Referring to FIGS. 35 and 36, a fourth protective layer 70 may be formed on the gate insulating material layer 121M. The fourth protective layer 70 may be formed in the remaining region, except for the region where the first and second ground structures GS1 and GS2 are formed. For example, the fourth protective layer 70 may include a spin-on hardmask (SOH). Subsequently, the gate insulating material layer 121M and the pad oxide layer 30 (see FIGS. 32 and 34) in the portion where the fourth protective layer 70 is not formed may be etched. Consequently, both sidewalls and upper surface of each of the first and second ground structures GS1 and GS2 in the second horizontal direction DR2 may be exposed.

Referring to FIGS. 37 and 38, the fourth protective layer 70 (see FIG. 35) may be removed.

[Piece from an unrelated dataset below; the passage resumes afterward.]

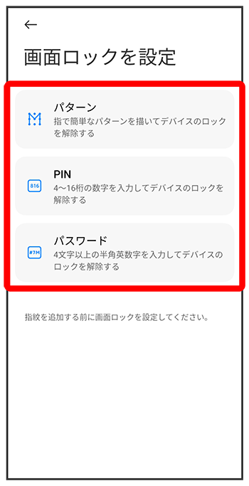 画面の指示に従って画面ロック解除用のパターン/PIN/パスワードを設定

Subsequently, the first ground silicide layer 141 may be formed on both sidewalls and the upper surface of the first ground structure GS1 in the second horizontal direction DR2. The first ground silicide layer 141 may be in contact with both sidewalls and the upper surface of the first ground structure GS1 in the second horizontal direction DR2. Additionally, the second ground silicide layer 142 may be formed on both sidewalls and the upper surface of the second ground structure GS2 in the second horizontal direction DR2. For example, the second ground silicide layer 142 may be in contact with both sidewalls and the upper surface of the second ground structure GS2 in the second horizontal direction DR2. For example, the sidewalls of each of the first and second ground silicide layers 141 and 142 in the first horizontal direction DR1 may be in contact with the second gate spacer 112. For example, the bottom surfaces of the first and second ground silicide layers 141 and 142 may each be in contact with the field insulating layer 105.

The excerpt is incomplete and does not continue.